2) Роль Степана была первой ролью Г. Храпункова. «Женитьба» с его участием шла на сцене Охинского Народного театра. Впоследствии он сыграл еще двух персонажей этой пьесы - Жевакина и Яичницу - в спектаклях С. Таюшева и М. Левитина.
3) Ленинградский институт культуры.
4) Хабаровский ТЮЗ праздновал свой очередной юбилей. На праздничном вечере в числе прочих коллективов выступил и хабаровский «мхат» - «местный художественный актив театра». На суд взыскательной театральной публики «мхатовцы» представили пародию на знаменитый дуэт Тиль-тиля и Митили из «Синей птицы», поставленной Станиславским. Во МХАТе эти роли исполняли С. Халютина и А. Коонен. Во «мхате» Тильтиля играла Н. Волгина, в роли Митили ей подыгрывал Г. Храпунков. Его игра настолько пришлась по душе главному режиссеру Хабаровского ТЮЗа Мирославу Кацелю, что тот счел нужным перевести Храпункова из разряда театральных «активистов» в профессиональные актеры и взял его в свой театр.
5) Упоминавшийся ранее (в примечании 1) Станислав Владимирович Таюшев. Сразу же по окончании ГИТИСа Таюиюв попал «по распределению в Хабаровск. Предназначался ему тот самый ТЮЗ, в котором работал Г. Храпунков. Таюшев решил испытать Храпункова и спросил у него: „Кого бы вы хотели сыграть?-, на что Храпунков с невозмутимым видом ответил: „Винни-Пуха!“ Станислав Таюшев удивился и с тех пор занимал Храпункова во всех своих спектаклях - кроме спектакля о Винни-Пухе. Потому что ставил его уже не он, а другой режиссер. И Храпунков там играл - но совсем не так, как мечталось. Память возвращала артиста к образу мультяшного Винни-Пуха, говорящего голосом Е. Леонова. Репетиции же только усугубили эту зависимость актера от сложившегося стереотипа. Режиссеру нравились все варианты, которые предлагал Г. Храпунков, - так что выбрать единственное решение, опираясь на режиссерскую поддержку, было невозможно. И Храпунков сделал выбор сам. В результате роль так и не стала для него любимой. Что же касается хабаровского зрителя, то он принял этот спектакль о Винни-Пухе „на ура“ и начинал раскупать билеты за два месяца до начала представления.

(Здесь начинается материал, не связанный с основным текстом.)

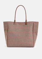 Essentiel Antwerp Brown, beige and red checked shopper bag
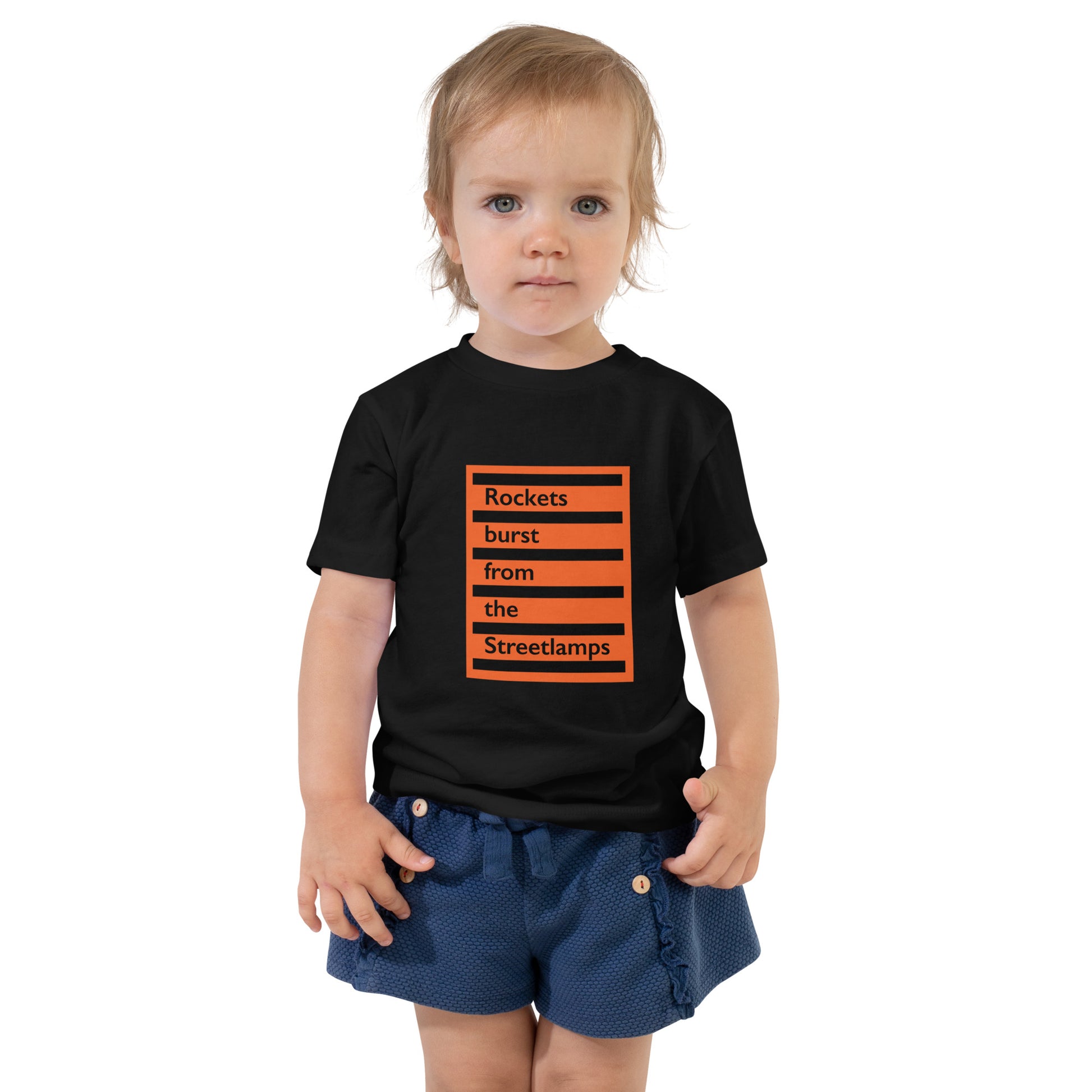 Rockets Burst from the Streetlamps Toddler Big Orange Sticker T-shirt

6) „Ричард“ III Шекспира. Роль Ричарда предназначалась Г. В. Храпункову, которого Берман знал по спектаклям Таюшева. Каким образом Берман смог распознать в мягком, полноватом артисте тирана Ричарда - остается загадкой до сих пор. Даже для самого Геннадия Владимировича Храпункова. Не случайно он долгое время отказывался от этой роли. Но режиссер был непреклонен: „Я знаю еще одного человека, который может сыграть эту роль. Но его зовут Михаил Ульянов, и он живет в Москве“. На одной из репетиций (не самой удачной, как вспоминает артист) он что-то „нащупал“ в роли - и репетиции сдвинулись с мертвой точки. В результате спектакль был сделан за месяц. А у артиста Храпункова открылось второе дыхание.
7) После „Ричарда III“ Феликс Берман пригласил Геннадия Храпункова на роль клоуна Леона в „Р. В. С.“ по А. Гайдару. Спектакль имел оглушительный (без преувеличения) успех. Об этом свидетельствуют не только рассказы Г. Владимировича, но и теплые рецензии на этот спектакль. Особенно запомнилась статья С. Липатовой („Аллюр, и черточки часов, и буквы „Р. В. С.“): “…среди картонных фигурок настоящие только дети и их собака. Хочу поправиться: дети, собака и клоун Леон… наиболее „неправдышный“ образ, нарочито условный, имеющий самую традиционную маску „человек театра“ - клоун Леон всегда реален. Ему веришь, когда разговаривает с несуществующей лошадью, когда поднимает Шмеля… И как ни странно, веришь, забывая все свое знание условностей театра…“, когда он делает свой последний выход, погибая, чтобы прикрыть ребят: „ничего, не унывай, все будет хорошо“.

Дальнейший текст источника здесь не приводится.